Figure 5. RHEB allosterically activates the kinase

a, Rendering of the inactive (left) and active (right) mTOR structures (colored as in Fig. 4a). Arrows indicate the motions of N-heat, kinase-proximal FAT portion, and N lobe domains. b, Activation of mTORC1 phosphorylating 4EBP1 (10 μM) by RHEB-GTPγS, plotted relative to zero RHEB (means as dashes, three independent experiments as open circles; gel in Extended Data Fig. 8h). Dose-response curve and values also shown. c, FAT-KD portions of active (colored as in a) and inactive (gray) mTOR superimposed on their C lobes. Rotations and their axes (red sticks) and approximate hinge locations (residue numbers) marked. d, Catalytic cleft closure in the inactive-to-active transition. Colored as in c, with orientation rotated ~90° around y (red stick, rotation axis 4 from c). e, Cryo-EM density of the AMPPNP from the 3.4 Å reconstruction of RHEB-mTORC1, looking down vertical axis of f. f, Inactive-to-active transition realigns N lobe residues that contact the ATP relative to the Mg²⁺ ligands and catalytic residues on the C lobe. g, Steady-state kinetic analysis of mTORC1 phosphorylating S6K1^367–404 in presence of 250 μM RHEB-GDP (blue plot) or RHEB-GTPγS (red plot). Data of Extended Data Fig. 8i plotted with means as dashes and values from three independent experiments with indicated markers and colors. K_M and k_cat values and simulated curves also shown.

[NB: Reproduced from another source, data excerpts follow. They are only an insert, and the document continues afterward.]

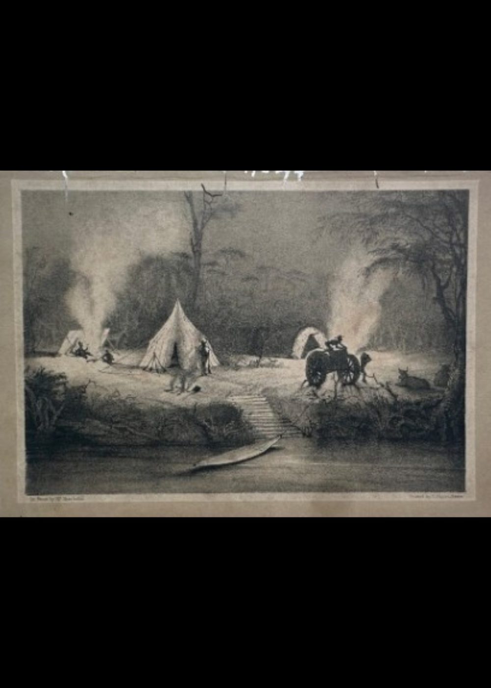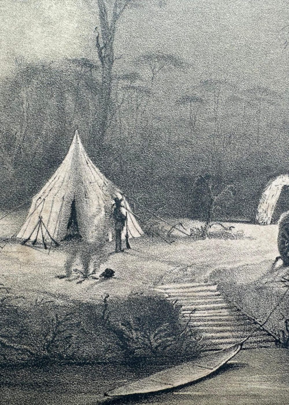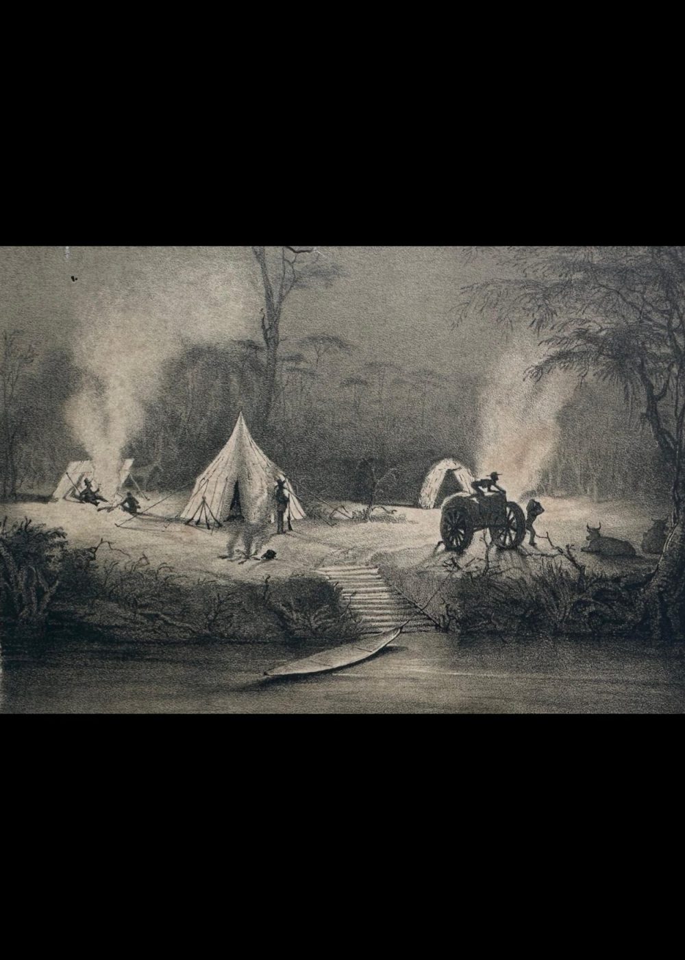 This engraving presents a nighttime camp scene by a riverbank, likely from a 19th-century expedition. Three tents glow with firelight, and figures are seen engaging in various tasks—tending fires, conversing, and watching over animals. In the foreground, a wooden path leads to a canoe resting on the water, while an elephant with a rider stands nearby. The image captures a moment of colonial exploration and settlement in a tropical landscape, blending human activity with the surrounding wilderness.
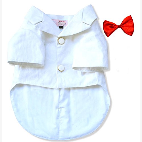 -. Feature : The dog wedding suit is made of high quality thick cotton fabric and good lining as a formal tuxedo for your pets. And it comes with a adjustable red bowtie. It is different from normal pet shirt as it is thick tuxedo cutting that in good fit and high level like a gentleman tails. / The white color dog tuxedo is so special and outlooking provide different look for your pets. / Size available from XS,S,M,L,XL,XXL Suitable for small,medium and large dogs. Any breeds of dogs could find his size. / Great for special occasion and weekend party, weddings, New Year's Eve, Valentine's Day, special occasions, as well as Halloween. / Good matching with female dog wedding dress. It is special design for wedding and party suit for pets.
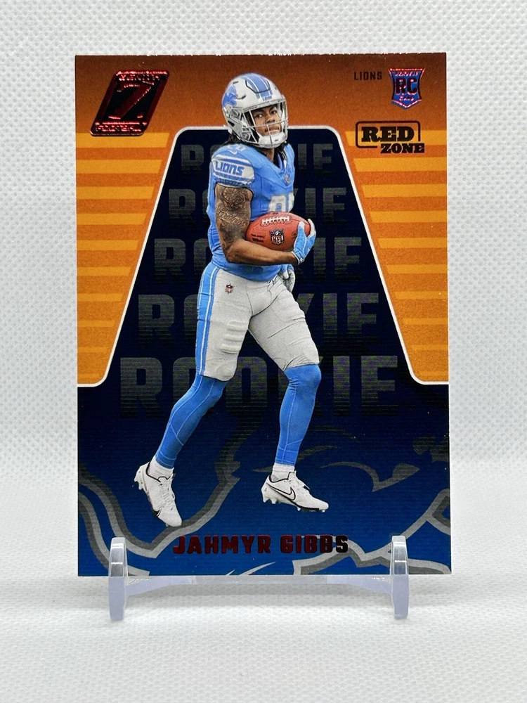 Experience the thrill of collecting with this 2023 Panini Zenith Red Zone Rookie sports trading card featuring Jahmyr Gibbs of the Detroit Lions. This card in near mint or better condition is a must-have for any football fan and collector. The card number 144 is a part of the 2023 Panini set and is parallel/variety Red Zone. This card is manufactured by Panini and has amazing features like being a rookie card. Add this card to your collection today and show off your love for the sport. Don't miss out on the opportunity to own this stunning card.

Figure 6. Hyperactivating mutations mimic RHEB’s effects

a, Thirty-four cancer-associated hyperactivating mTOR mutations^, mapped onto apo-mTORC1 FAT-KD portion, colored as in Figure 4a (thick red sticks, mutated residues; assayed mutants labeled). b, RHEB-GTPγS activating S6K1^367–404 (150 μM) phosphorylation by w.t. or indicated mutant mTORC1 (10 nM). Plotted with means as dashes and individual values from three independent experiments with indicated markers and colors. Dose response curves and coefficients also shown.